To add a filter to a specific metric card, navigate to the create/update metric page. Click on the ”+” sign located below the icons for grouping, sorting, and funneling. This process will initiate the setup for applying a filter directly to an individual metric card.

Setup Process:

The setup for a metric filter follows the same guidelines as setting up a dashboard filter, with the primary difference being the scope of application—here, the filter is applied to a single metric card instead of the entire dashboard.

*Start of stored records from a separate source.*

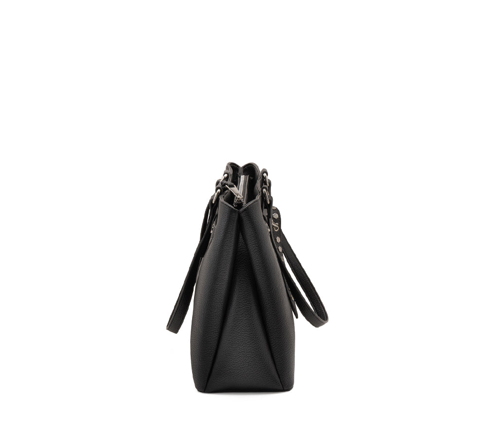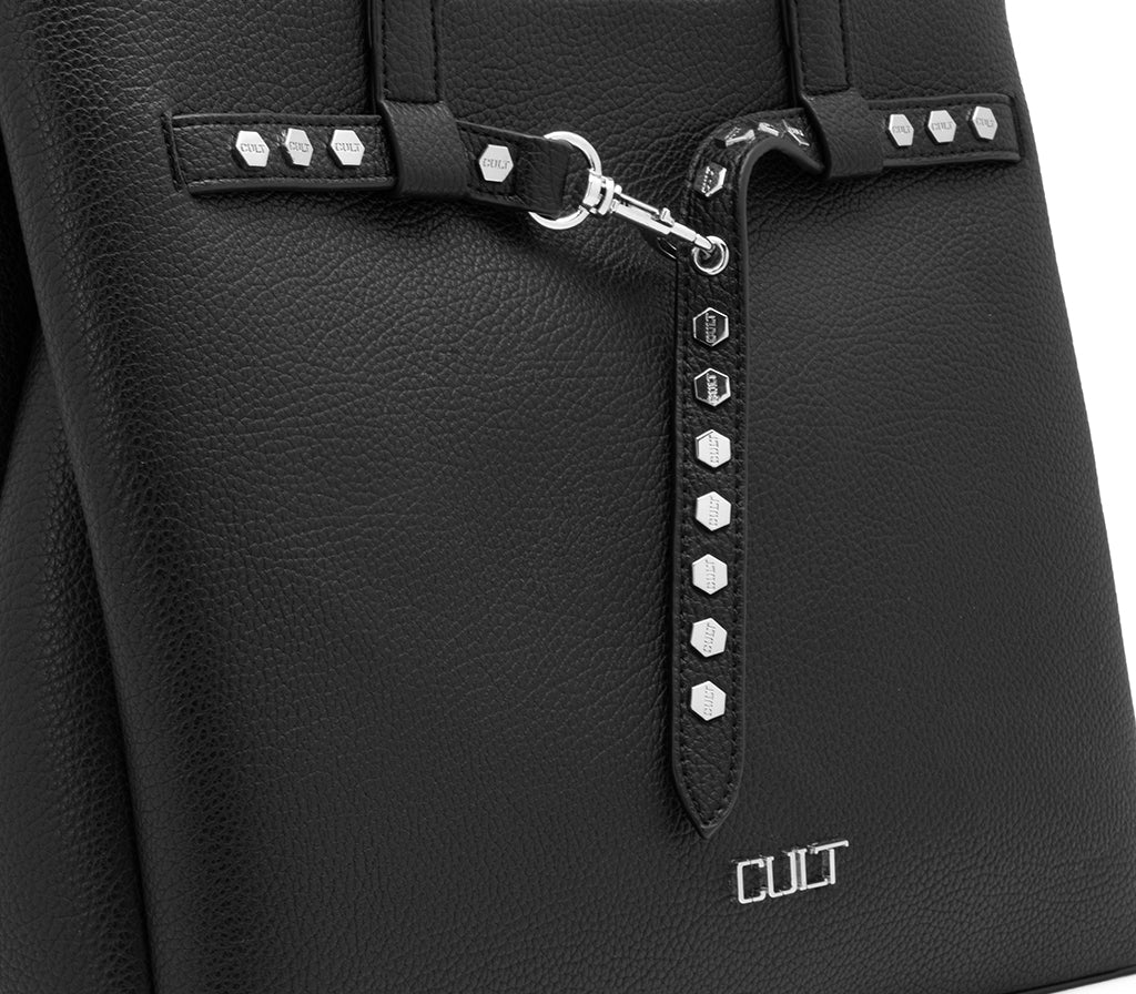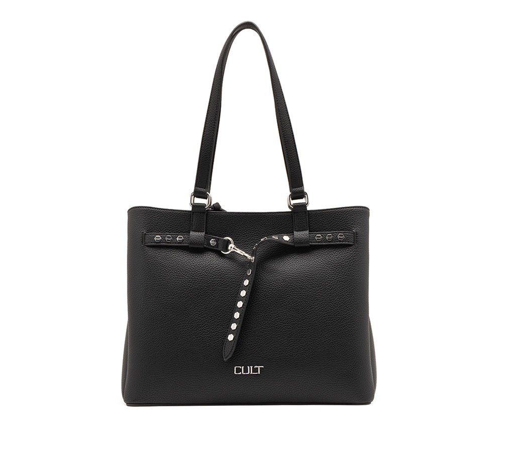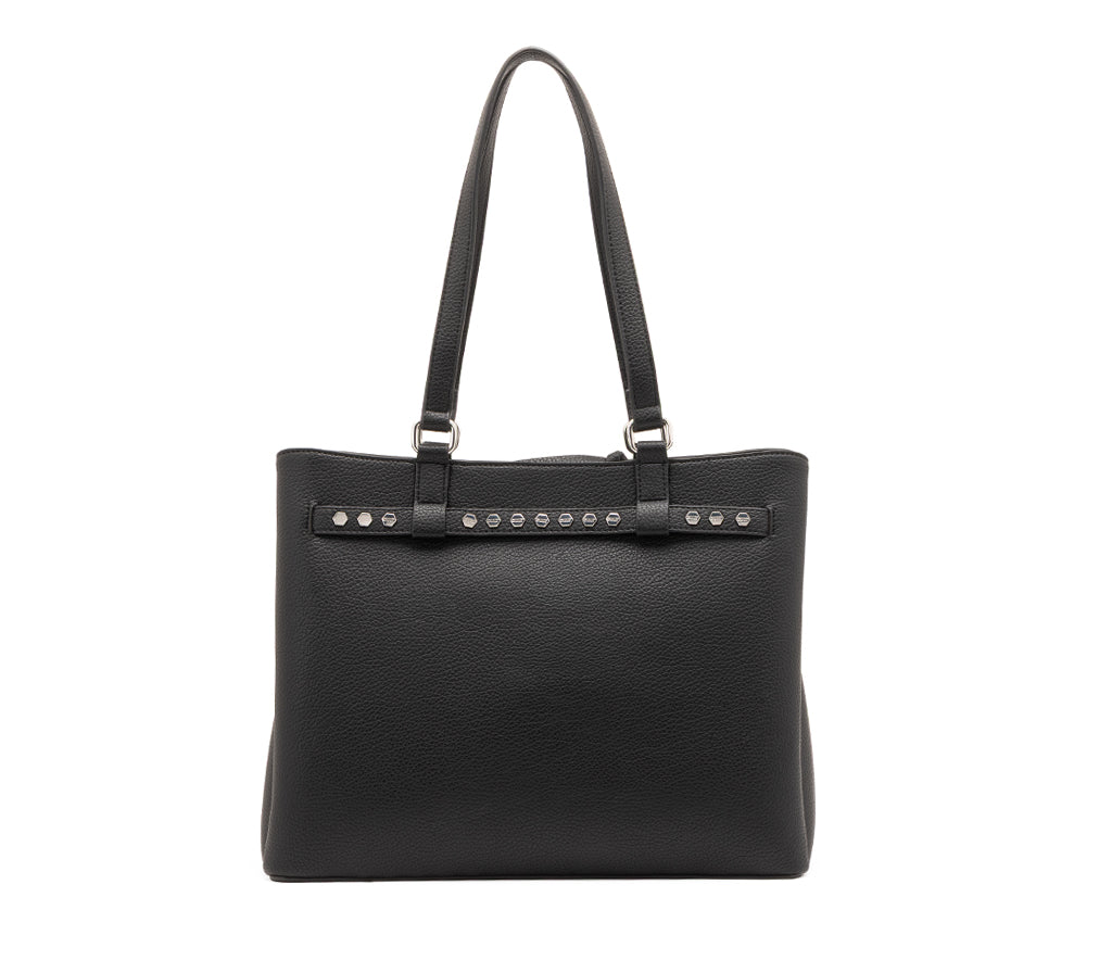 Rigore formale e dettagli di carattere si incontrano nella borsa a spalla Wilson per la stagione SS26, una borsa dalla silhouette verticale pensata per chi cerca un accessorio spazioso e sofisticato. Realizzata in ecopelle nera con grana naturale, si distingue per il design minimalista arricchito da un cinturino decorativo centrale con fibbia e piccole borchie silver che aggiungono un tocco grintoso. La struttura a soffietto e i doppi manici lunghi la rendono la scelta ideale per accompagnare con stile ogni impegno quotidiano. Dimensioni: 40x28x13
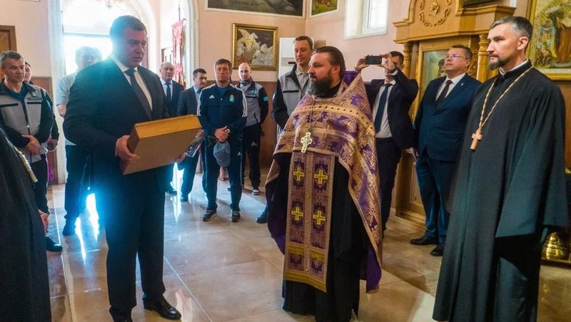 Астраханская делегация побывала в православном храме святого благоверного великого князя Александра Невского. Его икона сопровождает участников мотопробега во время всего пути.
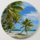 Button with a hanging palm tree on a white sand beach of a tropical island in the Pacific Ocean belonging to the Tahiti archipelago French Polynesia.
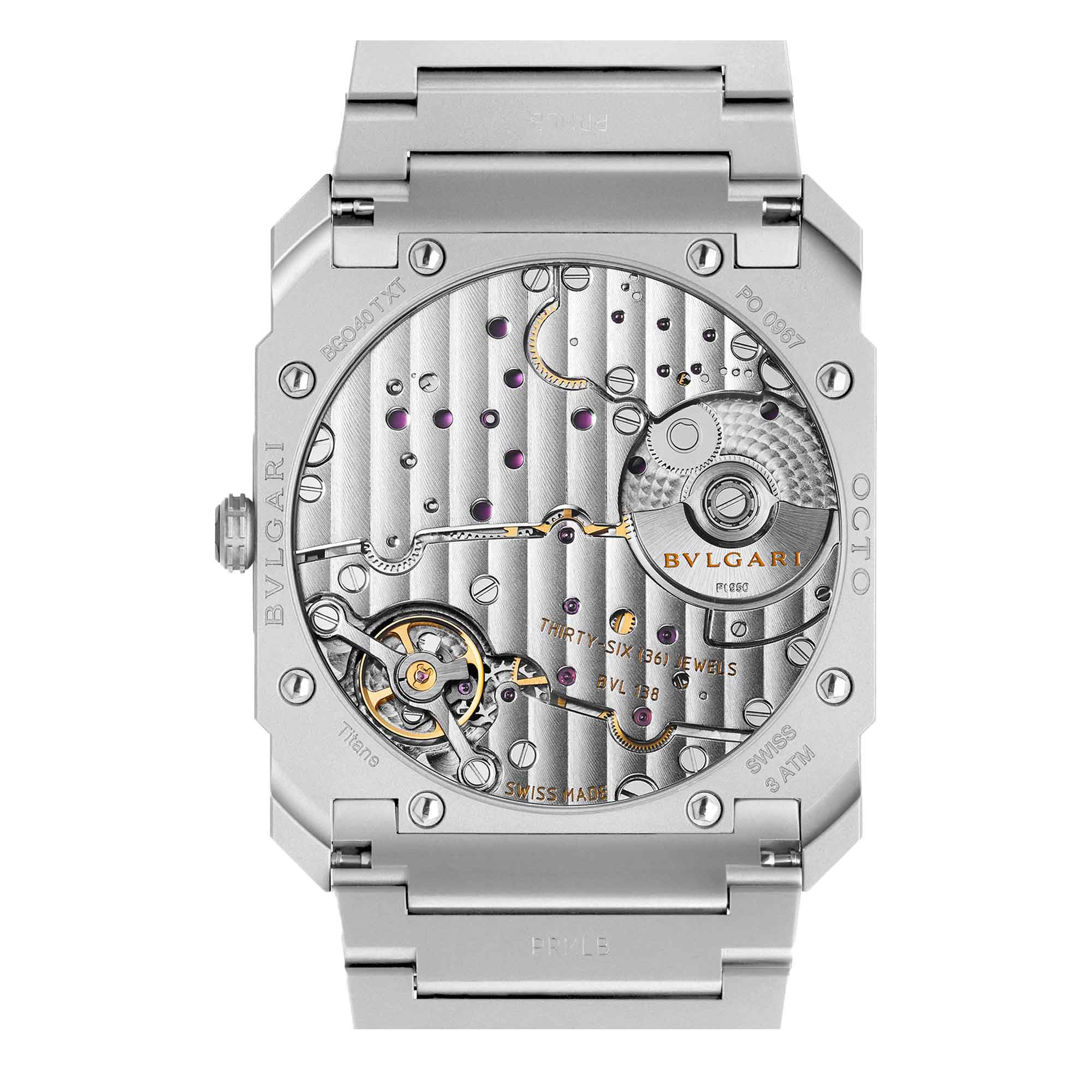 Orologio Octo Finissimo Automatique con movimento meccanico di manifattura ultrapiatto a carica automatica (spessore 2,23 mm), microrotore in platino e piccoli secondi, calibro BVL 138 – Finissimo decorato a mano con finiture côtes de Genève, anglage e perlage, riserva di carica di 60 ore. Cassa ultrapiatta di 40 mm in titanio (spessore 5,15 mm) con fondello a vista, corona in titanio con inserto in ceramica, quadrante in titanio, bracciale in titanio con fibbia déployante in acciaio inossidabile. Impermeabile fino a 30 metri.
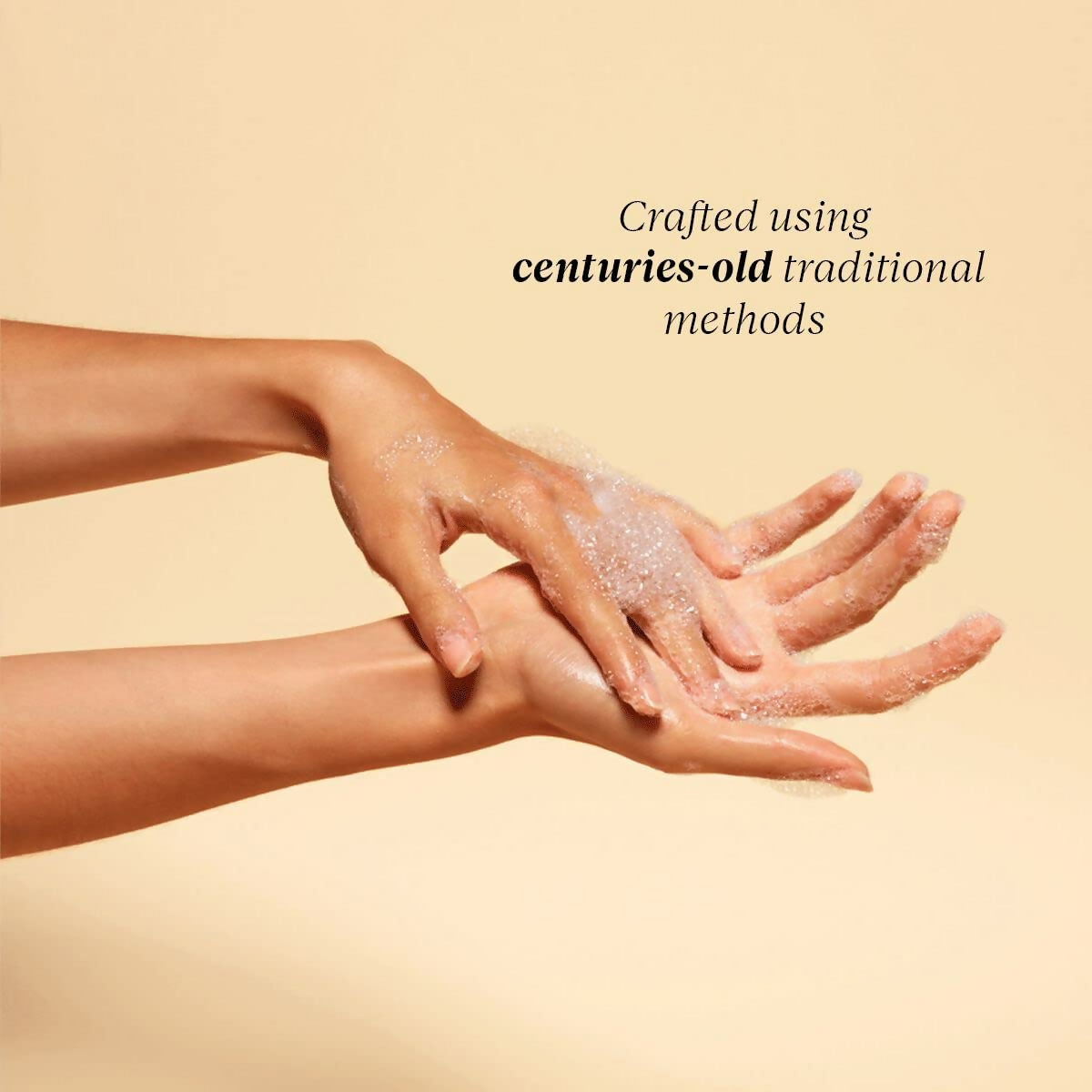 - Moisten the palms of your hands. Then, dispense a small amount of the liquid soap into your palm and rub your hands together to produce a lather. Clean the front, back, and fingers for a few seconds, then rinse thoroughly with water.
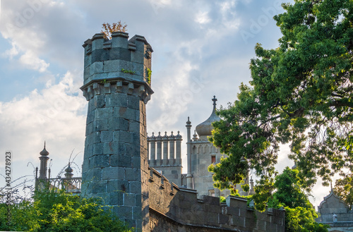 © Dmitrii Potashkin, Fototapeta premium The walls and towers of the old palace on the background of a blue sky at sunset
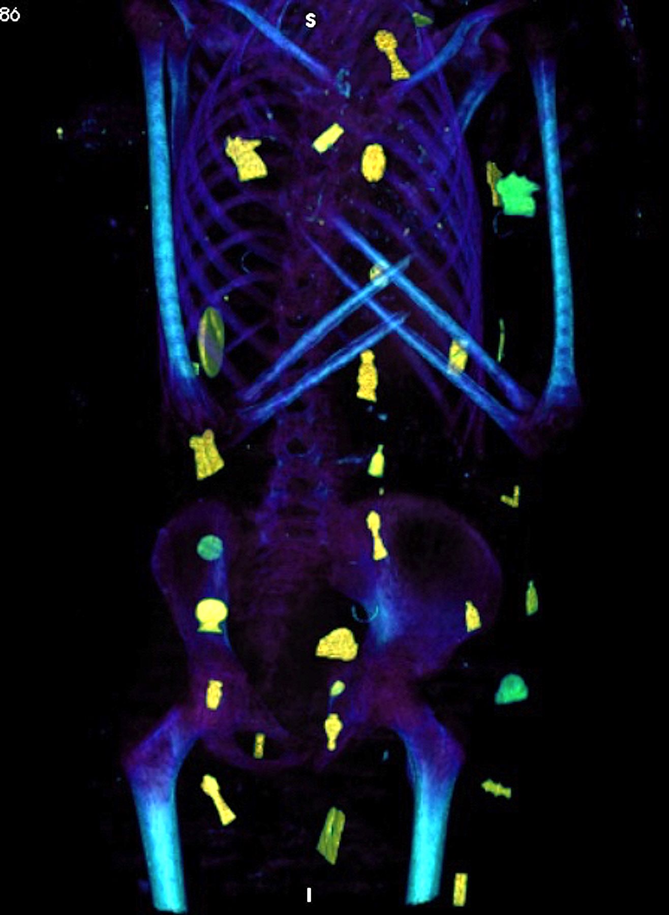 كما أوضحت صور الأشعات المقطعية الثنائية والثلاثية الأبعاد عن وجود حوالي 49 تميمة مرتبة ترتيبًا منمقًا في ثلاث أعمدة بين طيات اللفائف الكتانية وبداخل تجويف المومياء، كما أظهرت الأشعة أيضا 21 شكلًا مختلفًا للتمائم مثل عين المعبود حورس والجعران وتميمة الأفق والمشيمة وعقدة إيزيس والريشتان، وغيرهم.

Customizations Based on Datatype:

  • Filter Variant: Choose from single select, multi-select, or search options to define how users interact with the filter.
  • Select Default Value: Optionally auto-select a default value based on the datatype, or allow manual selection.
  • Scope to Client: Ensure filter options are tailored based on the client, making them relevant to the specific data context.
  • Label Column Setup: Set up a label column to display descriptive labels for the values being filtered, enhancing user understanding.

Dependent Filters

Dependent Filters: Create dependencies between filters, such as linking a ‘State’ filter to a ‘Country’ filter, to maintain contextual relevance.

Columns from Same Table

Create two filters (Store State and Store City) and configure Store City to depend on Store State. Store State
Metric Filters configuration for Store State filter using the main.demo_sales dataset
Store City depends on Store State
Metric Filters configuration for Store City filter with Depends On set to Store State

Columns from Different Tables

Step 1: Configure the Top-Level Filter Set up the first-level filter as you normally would.
Metric Filters configuration for Level 1 Coffee filter on the main.coffees dataset
Step 2: Configure the Dependent (Second-Level) Filter For the second-level filter (which needs to depend on the first filter), select the appropriate option type and write the SQL in the following format:
SELECT
  Concat_ws(
    ' ',
    "main_customers"."first_name",
    "main_customers"."last_name"
  ) AS "name",    /* Label for this filter */
  "main_customers"."customer_id" AS "customer_id", /* Column for this filter */
  "main_coffees"."coffee_id" AS "coffee_id"       /* Connecting column between Level 1 and Level 2 */
FROM
  "main"."coffees" AS "main_coffees"
  INNER JOIN "main"."orders" AS "main_orders"
    ON "main_coffees"."coffee_id" = "main_orders"."coffee_id"
  INNER JOIN "main"."customers" AS "main_customers"
    ON "main_orders"."customer_id" = "main_customers"."customer_id"
Make sure the query includes the connecting column between Level 1 and Level 2 to facilitate the Depends On configuration.
The necessary joins are added to establish the relationship between the two filter tables. Step 3: Configure Dependency In the filter setup, you will see that the column from Level 1 is part of the above query.
  • In Advanced Options, under Depends On, choose the Level 1 filter and specify the connecting column from Filter 1 to ensure linkage.
Now, this should ensure that Filter 2 is dependent on Filter 1.
Metric Filters configuration showing SQL with connecting column and Depends On section linking the second-level filter to the first-level Coffee filter

Applying the Filter:

Choose how to implement the filter on the metric card:
  • Direct Apply: Apply the filter directly to the metric card for immediate effect.
  • Variable for Custom SQL: Use a variable from the filter setup in your custom SQL queries for more tailored interactions within the metric.

Metric Filter - Variable

For a detailed guide on how to use Variable Apply for metric filters.
  • Custom SQL: Write custom SQL directly, specifying conditions in the WHERE clause to integrate the filter into data queries.

Metric Filter - Custom

For a detailed guide on applying metric filters using Custom SQL.
After configuring the filter settings, finalize by clicking ‘Save’. This action applies the filter to the selected metric card, enhancing its interactivity and relevance to specific data insights. This targeted approach allows for precise data filtering on individual metrics, optimizing the analytical capabilities of each metric card within the dashboard.